**Problem**
Exactly reproduce each of the entries shown below.

**Stored items from a collection**
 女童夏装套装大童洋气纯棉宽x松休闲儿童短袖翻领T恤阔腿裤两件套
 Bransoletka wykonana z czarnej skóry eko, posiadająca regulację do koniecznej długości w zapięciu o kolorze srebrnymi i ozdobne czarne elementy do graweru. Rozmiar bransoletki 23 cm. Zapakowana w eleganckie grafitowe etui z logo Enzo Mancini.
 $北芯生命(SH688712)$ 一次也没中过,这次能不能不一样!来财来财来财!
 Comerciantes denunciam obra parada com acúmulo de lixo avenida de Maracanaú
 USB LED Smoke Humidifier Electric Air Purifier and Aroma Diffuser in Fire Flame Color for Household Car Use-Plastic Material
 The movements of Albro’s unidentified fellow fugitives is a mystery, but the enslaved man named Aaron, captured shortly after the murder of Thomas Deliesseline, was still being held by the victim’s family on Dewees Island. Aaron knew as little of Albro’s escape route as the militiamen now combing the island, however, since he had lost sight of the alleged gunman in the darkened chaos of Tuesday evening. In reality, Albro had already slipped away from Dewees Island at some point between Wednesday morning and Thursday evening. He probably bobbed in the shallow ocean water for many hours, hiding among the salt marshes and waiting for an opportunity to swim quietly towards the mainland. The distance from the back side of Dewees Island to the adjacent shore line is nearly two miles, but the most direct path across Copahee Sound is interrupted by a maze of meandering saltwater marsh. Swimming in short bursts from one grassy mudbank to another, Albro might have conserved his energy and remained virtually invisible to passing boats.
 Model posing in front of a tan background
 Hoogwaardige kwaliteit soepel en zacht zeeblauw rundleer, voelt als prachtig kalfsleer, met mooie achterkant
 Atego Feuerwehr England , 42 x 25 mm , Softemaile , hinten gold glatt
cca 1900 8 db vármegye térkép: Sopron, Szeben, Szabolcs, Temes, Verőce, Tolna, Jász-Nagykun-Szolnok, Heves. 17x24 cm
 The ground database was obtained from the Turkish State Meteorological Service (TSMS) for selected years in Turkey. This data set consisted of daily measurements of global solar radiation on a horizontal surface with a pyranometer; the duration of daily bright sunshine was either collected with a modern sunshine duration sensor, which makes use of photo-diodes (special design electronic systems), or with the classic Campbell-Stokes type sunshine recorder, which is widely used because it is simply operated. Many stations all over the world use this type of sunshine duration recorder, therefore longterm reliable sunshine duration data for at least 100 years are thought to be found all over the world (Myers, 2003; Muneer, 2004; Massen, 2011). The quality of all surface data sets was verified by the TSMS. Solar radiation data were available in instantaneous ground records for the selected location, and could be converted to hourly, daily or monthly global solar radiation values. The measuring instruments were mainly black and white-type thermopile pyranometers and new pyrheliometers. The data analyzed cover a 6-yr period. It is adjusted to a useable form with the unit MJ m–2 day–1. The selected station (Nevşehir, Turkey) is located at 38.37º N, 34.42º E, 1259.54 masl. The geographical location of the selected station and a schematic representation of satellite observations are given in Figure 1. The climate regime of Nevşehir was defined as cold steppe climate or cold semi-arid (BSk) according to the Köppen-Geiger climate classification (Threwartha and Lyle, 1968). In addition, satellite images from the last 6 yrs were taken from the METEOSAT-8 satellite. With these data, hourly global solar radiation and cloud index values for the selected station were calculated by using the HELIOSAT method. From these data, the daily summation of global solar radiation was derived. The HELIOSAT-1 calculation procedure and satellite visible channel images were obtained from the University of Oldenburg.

**Expected output**
 女童夏装套装大童洋气纯棉宽x松休闲儿童短袖翻领T恤阔腿裤两件套
 Bransoletka wykonana z czarnej skóry eko, posiadająca regulację do koniecznej długości w zapięciu o kolorze srebrnymi i ozdobne czarne elementy do graweru. Rozmiar bransoletki 23 cm. Zapakowana w eleganckie grafitowe etui z logo Enzo Mancini.
 $北芯生命(SH688712)$ 一次也没中过,这次能不能不一样!来财来财来财!
 Comerciantes denunciam obra parada com acúmulo de lixo avenida de Maracanaú
 USB LED Smoke Humidifier Electric Air Purifier and Aroma Diffuser in Fire Flame Color for Household Car Use-Plastic Material
 The movements of Albro’s unidentified fellow fugitives is a mystery, but the enslaved man named Aaron, captured shortly after the murder of Thomas Deliesseline, was still being held by the victim’s family on Dewees Island. Aaron knew as little of Albro’s escape route as the militiamen now combing the island, however, since he had lost sight of the alleged gunman in the darkened chaos of Tuesday evening. In reality, Albro had already slipped away from Dewees Island at some point between Wednesday morning and Thursday evening. He probably bobbed in the shallow ocean water for many hours, hiding among the salt marshes and waiting for an opportunity to swim quietly towards the mainland. The distance from the back side of Dewees Island to the adjacent shore line is nearly two miles, but the most direct path across Copahee Sound is interrupted by a maze of meandering saltwater marsh. Swimming in short bursts from one grassy mudbank to another, Albro might have conserved his energy and remained virtually invisible to passing boats.
 Model posing in front of a tan background
 Hoogwaardige kwaliteit soepel en zacht zeeblauw rundleer, voelt als prachtig kalfsleer, met mooie achterkant
 Atego Feuerwehr England , 42 x 25 mm , Softemaile , hinten gold glatt
cca 1900 8 db vármegye térkép: Sopron, Szeben, Szabolcs, Temes, Verőce, Tolna, Jász-Nagykun-Szolnok, Heves. 17x24 cm
 The ground database was obtained from the Turkish State Meteorological Service (TSMS) for selected years in Turkey. This data set consisted of daily measurements of global solar radiation on a horizontal surface with a pyranometer; the duration of daily bright sunshine was either collected with a modern sunshine duration sensor, which makes use of photo-diodes (special design electronic systems), or with the classic Campbell-Stokes type sunshine recorder, which is widely used because it is simply operated. Many stations all over the world use this type of sunshine duration recorder, therefore longterm reliable sunshine duration data for at least 100 years are thought to be found all over the world (Myers, 2003; Muneer, 2004; Massen, 2011). The quality of all surface data sets was verified by the TSMS. Solar radiation data were available in instantaneous ground records for the selected location, and could be converted to hourly, daily or monthly global solar radiation values. The measuring instruments were mainly black and white-type thermopile pyranometers and new pyrheliometers. The data analyzed cover a 6-yr period. It is adjusted to a useable form with the unit MJ m–2 day–1. The selected station (Nevşehir, Turkey) is located at 38.37º N, 34.42º E, 1259.54 masl. The geographical location of the selected station and a schematic representation of satellite observations are given in Figure 1. The climate regime of Nevşehir was defined as cold steppe climate or cold semi-arid (BSk) according to the Köppen-Geiger climate classification (Threwartha and Lyle, 1968). In addition, satellite images from the last 6 yrs were taken from the METEOSAT-8 satellite. With these data, hourly global solar radiation and cloud index values for the selected station were calculated by using the HELIOSAT method. From these data, the daily summation of global solar radiation was derived. The HELIOSAT-1 calculation procedure and satellite visible channel images were obtained from the University of Oldenburg.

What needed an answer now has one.